JCA: Judging by the promises of our presidential candidates, U.S. businesses will almost certainly be hit with higher taxes, compulsory health care contributions, higher labor costs. Is it still worthwhile setting up shop in America ? Or should entrepreneurs relocate to a more business-friendly climate… like Eastern Europe… or China… or the Caymans?

Me: There is a big misconception here. One I had until I began doing business overseas. Location of the business matters only in certain industries that depend on cheap, unskilled labor. If you are producing clothing or furniture, it makes sense to have a factory in the Third World. But if you are producing sophisticated products for which labor is a small part of the cost – or selling information or advice – you can do it from the U.S.

Information and advice is especially good because the brute labor cost is almost non-existent. Thanks to the Internet, the cost of storage and shipping is minimal, so you can easily produce your product here and sell it anywhere… anywhere in the world.

In the coming recession, I would want to be in a business that has the following characteristics: (1) positive cash flow, (2) no debt, (3) no accounts receivable, and (4) no merchandise to store. That amounts to a service business or information publishing. Of the two, information publishing is better. In fact, it is the best business to be in for the foreseeable future.

There are some advantages in setting up overseas, but there are also many disadvantages. I would not pick up shop and open up overseas unless I had a proven formula that was working in the U.S.

JCA: The title of your latest best-selling book is Ready, Fire, Aim. What do you think, Michael? Will the coming recession require entrepreneurs and business owners to aim BEFORE they fire?

Me: Entrepreneurs must seize the day. You have to be READY to do that.

When real estate prices bottom out, there will be a rush to buy from the vulture funds. Private investors must be ready with protocols, plans, and money.

The same holds true for any business you plan to launch. Don’t waste valuable time and money trying to perfect it. Figure out a marketing proposition and test it as soon as you can. If it works, then refine it. If it doesn’t work, move on to the next thing. Ready, Fire, Aim!

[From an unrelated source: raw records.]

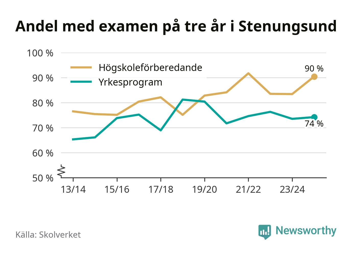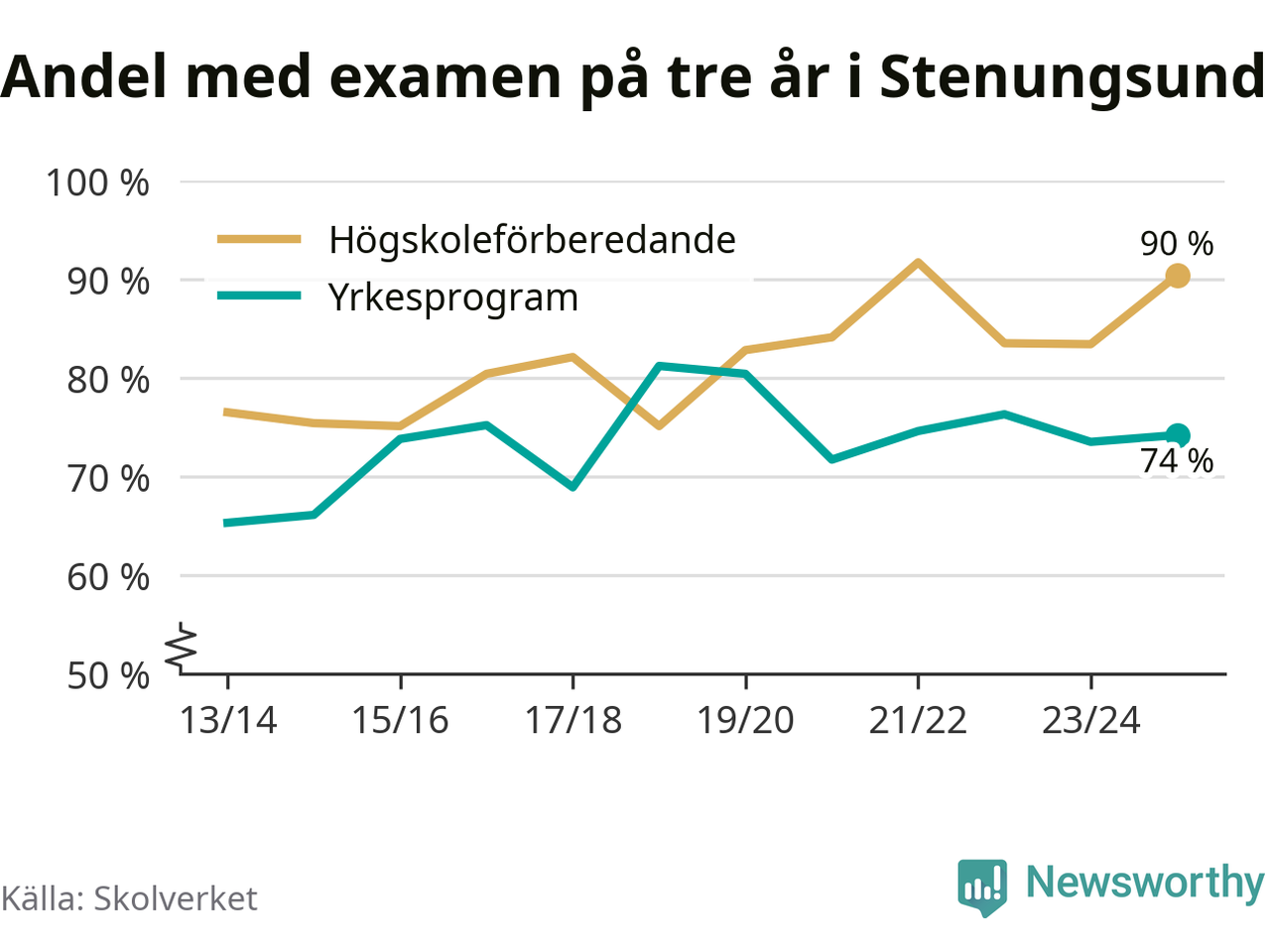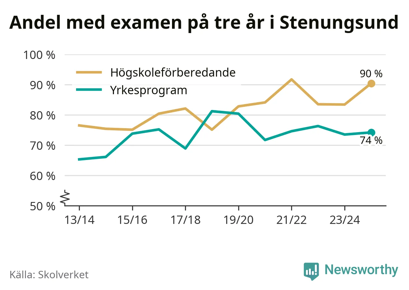 | Nösnäsgymnasiet 3 | Stenungsund | 90 % (+3 %) | 89 % (+4 %) |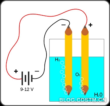 将铅笔的一端放置在水中,另一端暴露在空气中。将导线的一端连接到九伏电池的凸起端,另一端连接至铅笔的铅芯上。几乎是立刻,你就可以看到,水中的铅笔上出现了气泡,水开始分解。每一个水分子是由2个氢原子和1个氧原子组成,聚合在一起形成液体水。分解之后,至少,氢会形成气体,在电的作用下氢原子从水分子中脱落,形成带正电的质子。铅笔芯的负极对此毫无办法,只好独自聚合在铅笔芯周围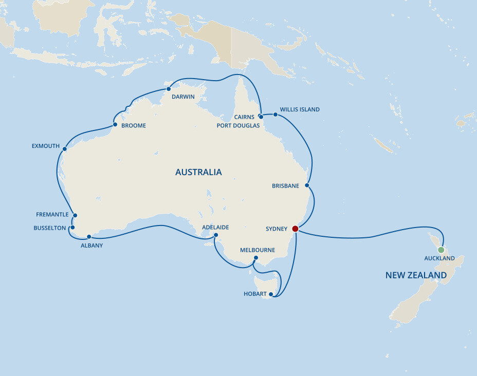 As your ship passes Harbour Heads, you are presented with the shimmering skyline of Sydney - hailed by many seafarers as "the most beautiful harbor in the world." Two prominent landmarks, Harbour Bridge and the sail-like curves of the Sydney Opera House, grace the backdrop of this picturesque harbor. There is a wealth of adventure waiting in Sydney - from its cosmopolitan city center to miles of beautiful beaches and the Blue Mountains.
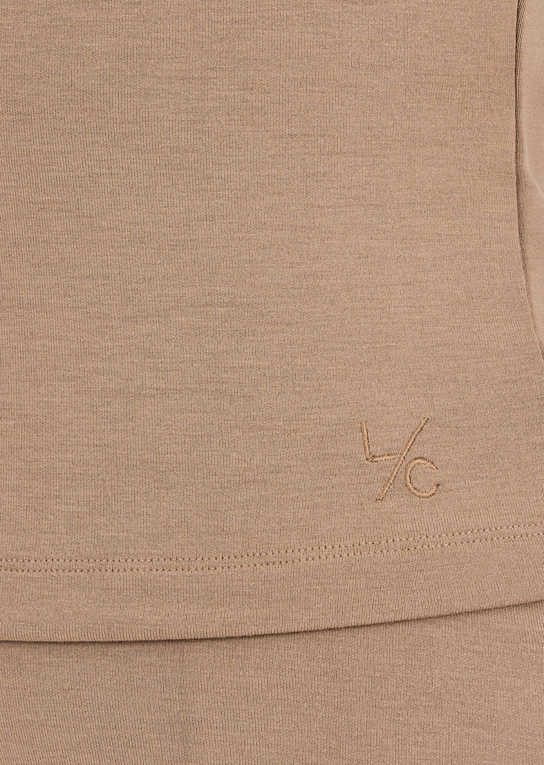 With a clean, minimal-seam construction, slim fit, funnel neck, and subtle front ruching, this timeless piece delivers modern sophistication and everyday comfort, finished with a discreet embroidered logo at the side hem.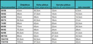 Mõõtude tabel: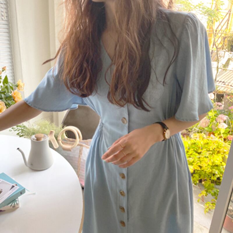新品 ミニマリストVネック★プリーツロング♥カワイイ♥ ⦿韓国 オルチャン K-pop アイドル ジャケット スーツ ワンピース カーディガン ニット フーディー トレーナー キャミソール スカート シャツ ブラウス 5A5420548

JCA: What are the biggest mistakes an entrepreneur or business owner can make right now?

Me: There are three:

  • Starting a new business without knowing anything about it. I call this the Principle of One Step Removed.
  • Wasting time and money on activities that are not directly related to sales.
  • Not having a Disaster Recovery/Opportunity Plan.

JCA: That leads to my final question for you: Given today’s economic climate, what does a new business have to have to give it the best chance of success?

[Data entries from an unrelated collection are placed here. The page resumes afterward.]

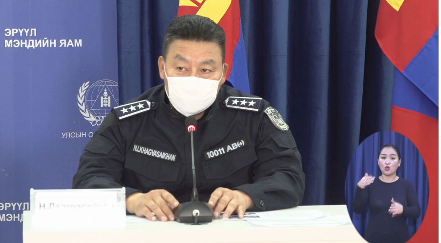 Эрүүл мэндийн яам (ЭМЯ)-ны өнөөдрийн (2020.10.14) ээлжит хэвлэлийн хурлын үеэр Цагдаагийн ерөнхий газрын Нийтийн хэв журам хамгаалах, олон нийтийн аюулгүй байдлыг хангах албаны дарга, цагдаагийн хурандаа Н.Лхагвасайхан мэдээлэл хийлээ.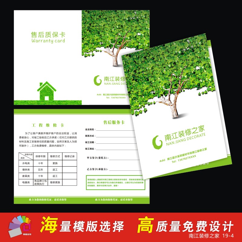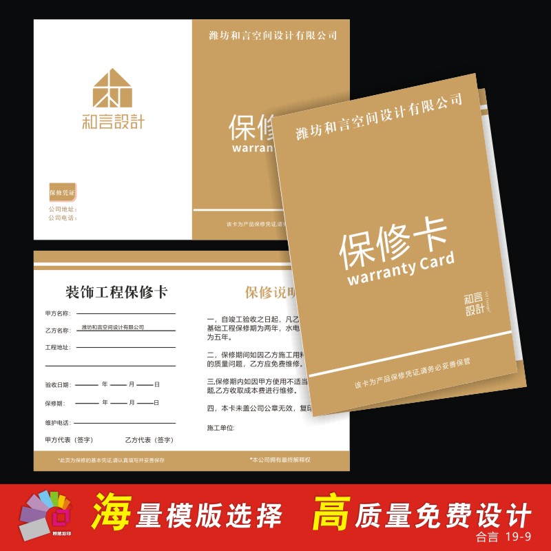 Decoration company engineering warranty card Decoration company decoration warranty Carmen window after-sales service card manual printing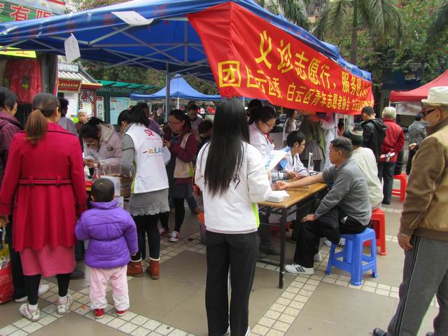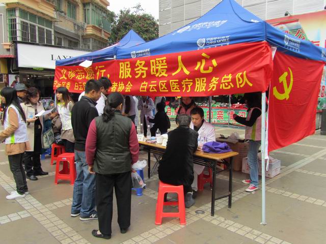 太阳在云层后微露,风中带着冬日早晨的清寒, 2011年12月17日,在167net必赢入口,167.nt必赢官网2006七年制党支部、团支部“义诊志愿行服务暖人心”义诊活动在景泰文化广场如火如荼地展开。义诊活动的内容有量血压、艾灸、拔火罐、推拿、贴耳穴及养生知识宣传,并安排了中医基本知识问答小游戏,在有趣的互动中让中医与健康知识自然深入群众之中。在院团委的支持下,邀请了167net必赢入口第一附属医院推拿科的陈维医师和内分泌科的方志辉医师“坐镇”,为居民们解疑答惑、义诊治疗。

Me: It’s no different now than it’s ever been.

  • First is a management team with character, experience, and ingenuity.
  • Second is a plan that clearly identifies the way they will efficiently bring in customers from day one.
  • Third is their use of resources. Will 80 percent of them be devoted to making a profitable sale?
  • Fourth is capital. Do they have enough of it?
  • Fifth is product. Does their lead product have a raison d’etre in the marketplace?

JCA: Thanks for joining us today, Michael.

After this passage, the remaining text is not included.